Report Women's Issues
When we entered the room, I was surprised: the room looked quite different from what we had seen so far. There were no tables but only small chairs with a little desk on the side, there was no podium for a chairman or a speaker but a cupboard, and the walls were full of posters – I was reminded of my second grade classroom and the “United Nations Cyberschoolbus” project for young children came to mind. But as a diplomat, you should not pay attention to appearance but only to substance. This was a good principle for the following 90 minutes since the briefing was about Women’s Issues and of course, we should not judge the abilities of people by their look but by their work.
We had the honor to hear a briefing from Ms. Christine Brautigam, who is the head of the Women’s Rights Section of the UN Division for the Advancement of Women. Ms. Brautigam is a popular guest speaker at conferences and discussions all over the world and during her briefing, it became clear why she is such an expert in the field: her enormous knowledge is combined with a capability to explain complex circumstances in a simple way. When I left the room, I had learned plenty of facts about Women’s Issues and felt that I understood the topic much better.
Ms. Brautigam started with the basic facts: she explained that the Commission on the Status of Women (CSW) was elected by the ECOSOC Plenary and that it met twice a year to discuss global policies for gender related issues. The CSW is one of the oldest commissions in the UN system: during its 60 years of existence, it has had a great influence on the improvement of the situation of women all around the globe. One of its successes is the fact that the CSW has organized four World Conferences on Women which adopted landmark documents to specifically advance the rights of women in the world.
Throughout history, especially in the 1960s, the increasing focus on Human Rights was beginning to draw more attention to women’s rights. In 1975, the first World Conference on Women was held in Mexico, and the United Nations declared the decade from 1975 until 1985 the “Decade on Women’s Rights”. After the first conference, there has been a series of other conferences in which the status of women was discussed and promoted. In 1979, the General Assembly adopted the Convention on the Elimination of All Forms of Discrimination Against Women (CEDAW) which was signed by most countries in 1980 and entered into force in 1981. Until today, 182 states have become party to the convention. Interestingly enough, the United States of America have signed the CEDAW convention in 1980, but have not ratified it yet.
The last milestone of the history of Women’s Rights was the Fourth World Conference in 1995, which adopted the Beijing Declaration on the status of women and put forward 12 critical areas of concern to women’s rights in a Platform of Action.
After this overview, Ms.

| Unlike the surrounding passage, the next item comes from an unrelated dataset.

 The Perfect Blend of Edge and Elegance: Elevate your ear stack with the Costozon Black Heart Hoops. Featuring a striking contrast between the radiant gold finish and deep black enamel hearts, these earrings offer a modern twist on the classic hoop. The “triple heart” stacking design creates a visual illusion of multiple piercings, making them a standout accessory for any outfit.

Brautigam talked about recent problems the CSW was confronted with: even if most states and leaders completely agreed with the central ideas to achieve equality between women and man, the realization lacked far behind the signed agreements. Especially the political rights of women were still not respected in many countries. Consequently, this was one of the major aspects within the work of the Commission on the Status of Women. As an Arab diplomat, I felt particularly affected by this part of her speech, knowing that in a lot of Arab countries women’s political rights are more an instrument of positive political publicity rather than the conviction that women’s work and opinion is needed in all parts of society to achieve further progress.

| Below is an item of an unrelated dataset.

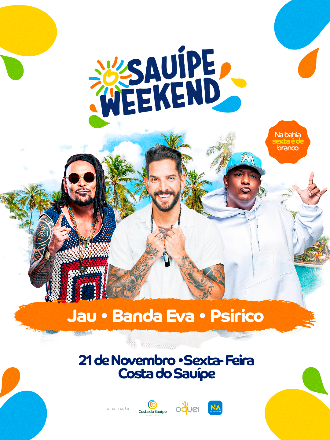 Realizado pela Oquei Entretenimento, NA Entretenimento e Costa do Sauípe, o Sauípe Weekend 2025 acontece de 20 a 22 de novembro, reunindo alguns dos maiores artistas da Bahia em três dias de festa. Em meio a um dos destinos mais paradisíacos e desejados do país, o evento celebra os 40 anos da Axé Music com uma programação que combina shows em palco, desfiles de pranchão e toda a infraestrutura do complexo. Mais do que um festival, é uma experiência imersiva, marcada por sol, mar, alegria e pela atmosfera única que reafirma a vocação da Bahia para a música e para o entretenimento, consolidando o Sauípe Weekend como uma das experiências mais aguardadas do calendário nacional.

On the other hand, I was proud that the following discussion mainly took place between Ms. Brautigam and two members of our delegation: Dania and Roxana obviously impressed the head of the Women’s Rights Section with their profound knowledge of the issue and their detailed questions. Even though after a certain point of the discussion I was not able to follow anymore, I could observe that both sides enjoyed the conversation. Hence, I was very thankful at the end: to Ms. Brautigam for the insight she gave us, to the entire delegation that showed that young people still care about gender equality, and to Dania and Roxana who underlined that also Arab delegations want to improve the overall situation of women.